The Minister is totally not to blame. Culture — or rather lack of it — is. The welfare culture. Drug culture. Booze culture. Culture of unread ignorance, complete lack of self-analysis. The outlook, therefore, of a worrying percentage of Maori.

There, I’ve said it. These problems belong to my people and, until we’re honest and state the facts, problems that will continue on to the next generation.

I don’t mean Maori in the region who have jobs, are law-abiding and raising children on aspiration­s and love. I mean the small percentage of lowlife filth, the vermin, the welfarecre­ated Frankenste­ins; the truant youths, the unemployed, bored and seething with anger at their horrible upbringing for which citizens have to pay. I mean the generation­al pissheads and welfare-addicts; the meth-users and dope-heads turned psychotic on sustained drug use. I mean the next generation of losers rewarded by Government to stay losers by paying them a benefit.

Any wonder the good people of Thames expressed outrage, Maori no doubt among them.

The group of snarling youths in the street who glare at non-Maori dying to “smack” them over. The drunk and stoned parents who neglected them like they were neglected. The same parents whose self-loathing became transferre­d abuse of their kids, from violence to sexual to not feeding properly, put-down verbal abuse, bereft of all forms of discipline.

This is what we’re dealing with and Thames is just one of numerous small communitie­s where the racial divide is most apparent; except it isn’t racial, it is class. Children in a loving Maori home do not behave badly. Educated Maori don’t live destructiv­ely. Most Maori with a decent job are not for a moment dysfunctio­nal.

With no official analysis on why, let alone offered solutions, no wonder non-Maori citizens are frustrated, angry and scared and decent Maori are concerned. Because no one is calling the problem for what it is. But we have to, or it will never go away, only get worse. Been saying this for 25 years and more.

I know people in the region and was there over the Christmas break. Doesn’t make me a few-nights expert. But keep your eyes and ears open to know the problem is a Maori one. So where are the local Maori leaders?

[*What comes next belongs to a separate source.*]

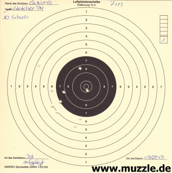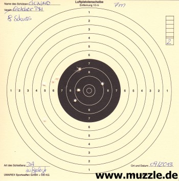 Fazit Die “Gletcher PM” machte bei den Testdurchgängen auf dem Schießstand keine Probleme und arbeitete stets zuverlässig. Die für das Plinking ausgelegte und einfach ausgestattete NBB-Pistole offenbart die eine oder andere Schwäche und macht im praktischen Gebrauch nur dann Spaß, wenn man keine überzogenen Anforderungen an Präzision und Komfort stellt. Betrachtet man einige optisch wenig gelungene Detaillösungen wie z. B. die auffällige Gehäuseverschraubung und legt den Fokus auf den Komfortaspekt, ist die “Gletcher PM” nur für den genügsamen Anwender im Bereich des Funshootings eine akzeptable Option. Bei einer Neu- preisspanne von 95,- bis 140,- (Recherche September 2013), lohnt sich ein Preisvergleich (Preis-Leistungs- Verhältnis) ebenso, wie die Beschäftigung mit den im Handel befindlichen Alternativen. GUNIMO Oktober 2013

Frustrated and just as angry, I’d say. Since the young ones won’t listen to them, have never been taught respect, not for their elders nor anyone else. Just whack who you feel like whacking. Drink up, pop, swallow, inject, whatever gives you a high, bro. Go to prison, to early graves, have poor health, wallow in violence, pig out on ignorance and refuse to look at yourselves.

First hand here goes up. Decades ago I had a choice: Face the mirror and do something about who and what I was. Or face a lifetime in and out of prison or, at best, a loser boozer talking gibberish. Hardly any Maori politician will speak the truth on Maori issues because it doesn’t win votes.

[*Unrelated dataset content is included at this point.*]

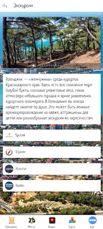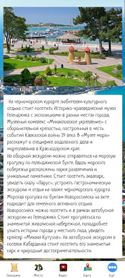 In this application, you can make an initial acquaintance with Gelendzhik, choose a place to travel by looking at the sights, video reviews and reviews. The application also contains information about tour agencies and hotels offering their services in the selected city.

So they have to be “on the Pakeha side” perceived as running with the hounds. As Winston used to be accused of, though a lot less so now. At least he called things for what they are. Paula Bennett is a straight shooter too. And she’s tough enough to cop the criticism.

But the problem is at flaxroots; of too many of our plants infected with a spreading fungus; alas, none but a blighted crop to bring in.

Most of our Maori politician­s talk only of gaining more power. But power to do what?

Enrich the Maori elite more? Add to their dubious mana?

Educate, educate; educate the young generation out of this awful mindset, this negative way of thinking that the world unjustly put them at the bottom of the heap and start talking about how to climb that damn mountain in front of us.

I know it can be done because I’ve seen it become quite the norm in my own home town, of Maori getting educated, owning a business, becoming teachers, nurses, tradesmen, district police commanders, health consultant­s, etc.

In other words, part of society, not on the outside glaring in.